Dans un communiqué, le centre médical Shaare Zedek a déclaré que « le personnel d’urgence et l’unité de soins intensifs pédiatriques se sont battus pendant des heures pour lui sauver la vie, mais malheureusement nous devons prononcer la mort de l’enfant ».

« Nous partageons le chagrin de la famille », a ajouté l’hôpital.

L’annonce est intervenue après qu’un urgentiste du Magen David Adom a déclaré samedi que ses services avaient trouvé le garçon sans pouls, mais qu’ils avaient pu le réanimer sur le chemin de l’hôpital et faire ainsi battre son cœur à nouveau.

La police a arrêté l’oncle accusé et traite cette affaire comme une tentative de meurtre présumée.

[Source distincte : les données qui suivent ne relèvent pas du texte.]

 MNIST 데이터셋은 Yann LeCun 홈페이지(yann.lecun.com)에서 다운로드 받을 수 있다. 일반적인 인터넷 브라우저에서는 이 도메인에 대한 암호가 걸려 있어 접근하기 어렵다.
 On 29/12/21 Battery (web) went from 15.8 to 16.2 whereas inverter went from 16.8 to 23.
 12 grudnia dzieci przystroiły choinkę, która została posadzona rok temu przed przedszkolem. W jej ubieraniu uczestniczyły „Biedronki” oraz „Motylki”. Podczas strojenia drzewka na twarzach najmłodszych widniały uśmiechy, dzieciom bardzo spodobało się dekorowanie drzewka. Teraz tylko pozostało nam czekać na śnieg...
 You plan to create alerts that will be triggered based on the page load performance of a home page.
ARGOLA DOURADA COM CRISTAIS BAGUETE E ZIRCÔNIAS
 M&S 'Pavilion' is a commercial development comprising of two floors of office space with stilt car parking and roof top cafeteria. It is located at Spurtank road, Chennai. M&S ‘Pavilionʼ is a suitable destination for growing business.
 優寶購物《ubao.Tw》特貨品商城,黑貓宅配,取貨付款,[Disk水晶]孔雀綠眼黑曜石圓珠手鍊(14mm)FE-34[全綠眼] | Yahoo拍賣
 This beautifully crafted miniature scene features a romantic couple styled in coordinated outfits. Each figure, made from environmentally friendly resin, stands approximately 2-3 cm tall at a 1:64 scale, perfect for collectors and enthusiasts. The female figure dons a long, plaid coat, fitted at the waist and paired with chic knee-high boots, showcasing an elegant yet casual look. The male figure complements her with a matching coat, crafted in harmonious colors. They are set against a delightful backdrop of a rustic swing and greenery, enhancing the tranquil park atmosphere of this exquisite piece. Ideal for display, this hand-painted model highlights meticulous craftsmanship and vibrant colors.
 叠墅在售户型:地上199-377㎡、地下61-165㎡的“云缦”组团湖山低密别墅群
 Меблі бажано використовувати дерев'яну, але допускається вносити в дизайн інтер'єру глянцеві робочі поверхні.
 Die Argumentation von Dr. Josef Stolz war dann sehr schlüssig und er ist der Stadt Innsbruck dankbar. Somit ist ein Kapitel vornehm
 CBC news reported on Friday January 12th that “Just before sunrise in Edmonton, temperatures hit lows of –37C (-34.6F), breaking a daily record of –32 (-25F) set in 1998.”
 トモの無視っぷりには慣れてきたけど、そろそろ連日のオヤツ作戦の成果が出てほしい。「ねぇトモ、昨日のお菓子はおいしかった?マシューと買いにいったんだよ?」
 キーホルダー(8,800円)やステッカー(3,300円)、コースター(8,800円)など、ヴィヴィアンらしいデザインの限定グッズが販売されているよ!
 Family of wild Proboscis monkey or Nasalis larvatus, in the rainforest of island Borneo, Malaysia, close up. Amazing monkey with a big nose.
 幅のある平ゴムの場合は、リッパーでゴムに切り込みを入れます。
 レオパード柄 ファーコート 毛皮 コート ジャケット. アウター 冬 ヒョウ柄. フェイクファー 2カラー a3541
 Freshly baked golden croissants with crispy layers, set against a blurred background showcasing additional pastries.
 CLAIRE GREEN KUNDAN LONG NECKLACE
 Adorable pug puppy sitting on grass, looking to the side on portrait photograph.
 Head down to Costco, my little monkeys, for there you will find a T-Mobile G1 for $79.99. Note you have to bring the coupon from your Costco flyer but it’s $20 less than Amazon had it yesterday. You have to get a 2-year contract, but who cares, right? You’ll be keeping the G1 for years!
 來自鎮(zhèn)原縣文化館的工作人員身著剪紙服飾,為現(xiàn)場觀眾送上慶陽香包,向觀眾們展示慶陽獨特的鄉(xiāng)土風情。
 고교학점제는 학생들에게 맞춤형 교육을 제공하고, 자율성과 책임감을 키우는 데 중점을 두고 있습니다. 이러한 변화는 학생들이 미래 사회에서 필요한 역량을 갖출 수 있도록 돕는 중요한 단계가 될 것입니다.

Citant les premières conclusions de l’enquête, la police a déclaré que le jeune garçon n’avait pas répondu aux différents appels des membres de sa famille. Le père fut rappelé de la synagogue ; c’est alors que la famille a remarqué que la porte du suspect était fermée à clef et a fait irruption dans sa chambre. C’est là qu’ils ont trouvé le garçon inconscient gisant sur le sol, selon la police.

Le suspect, âgé de 27 ans, a ensuite été arrêté par les agents appelés sur les lieux. Il a été identifié ce dimanche comme étant l’oncle de l’enfant.

Selon les premières informations, il souffrirait de troubles mentaux.

« L’enquête se poursuit », a précisé la police.